§ Task statement: Restate the whole listing below word for word and keep the images out.

§ Information shown:
=======

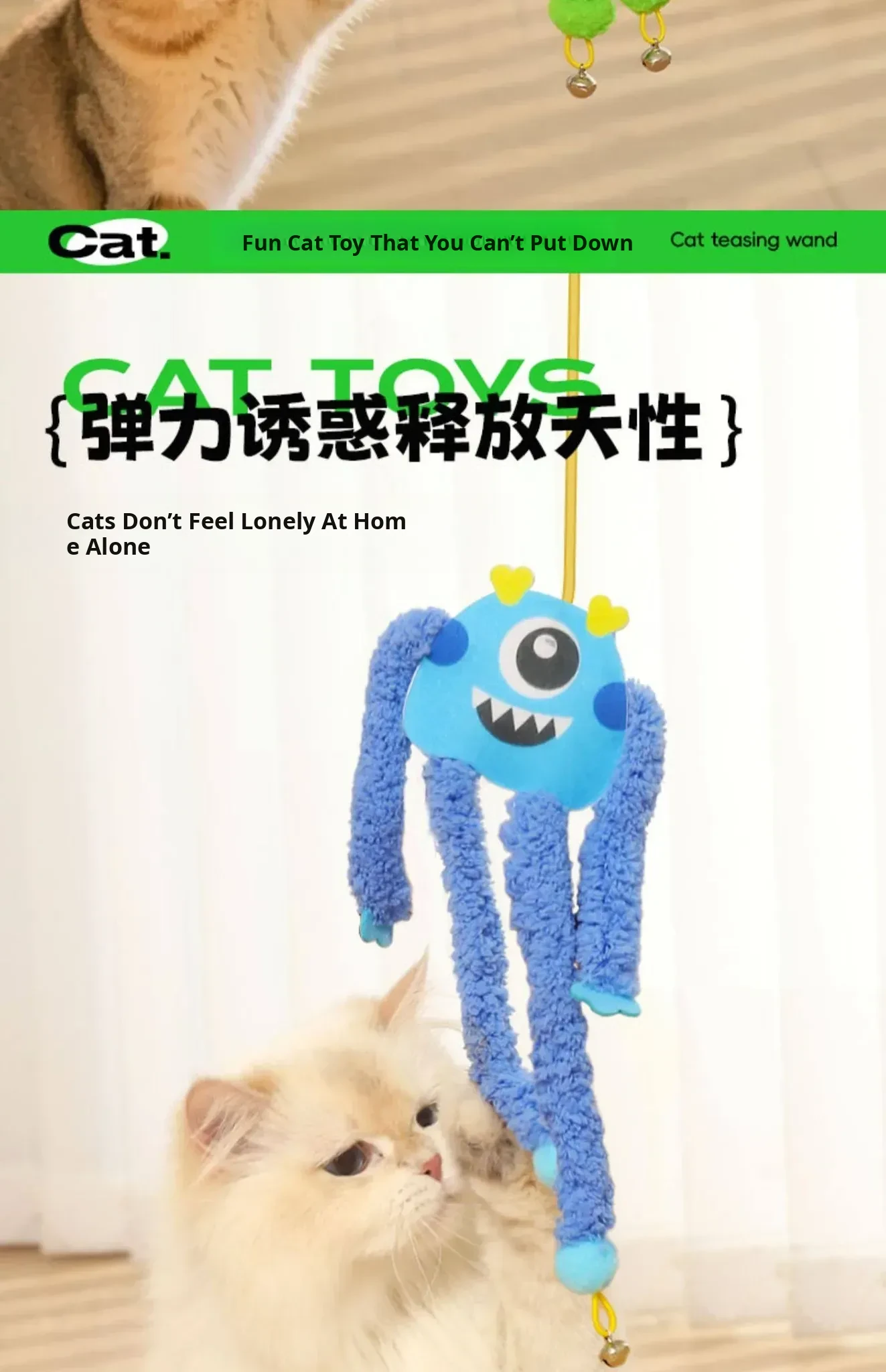 Bouncing Plush Cat Toy - Interactive Fun for Kittens, Durable Chew-Resistant Design, Perfect for Keeping Cats Entertained and Engaged!
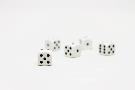 Playing white dice on a light background closeup
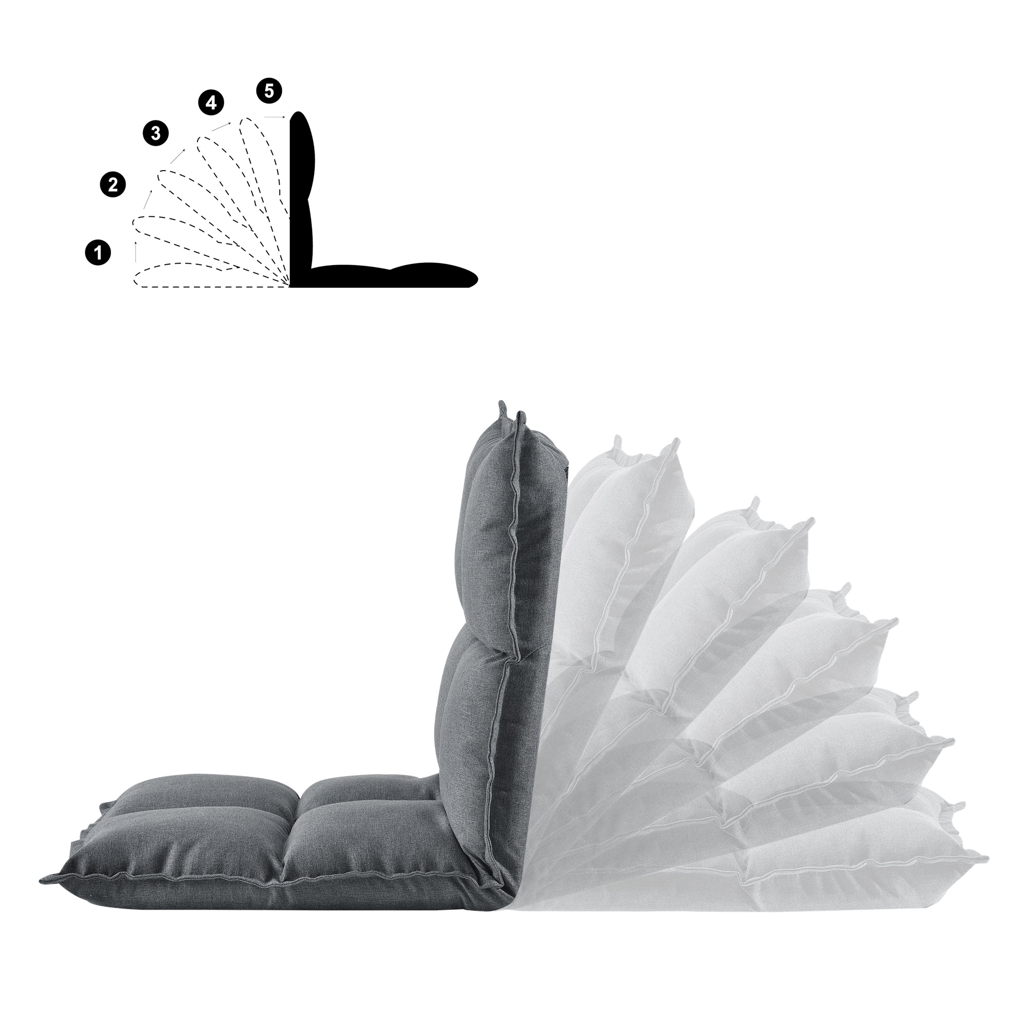Die Lehne lässt sich in fünf Stufen verstellen, für Ihre optimale Wunschposition. Zusätzlich lässt sich die Lehne auch komplett auf 180 Grad verstellen, um das Bodenkissen als Liege zu verwenden.

=======

§ Exercise answer:
 Bouncing Plush Cat Toy - Interactive Fun for Kittens, Durable Chew-Resistant Design, Perfect for Keeping Cats Entertained and Engaged!
 Playing white dice on a light background closeup
Die Lehne lässt sich in fünf Stufen verstellen, für Ihre optimale Wunschposition. Zusätzlich lässt sich die Lehne auch komplett auf 180 Grad verstellen, um das Bodenkissen als Liege zu verwenden.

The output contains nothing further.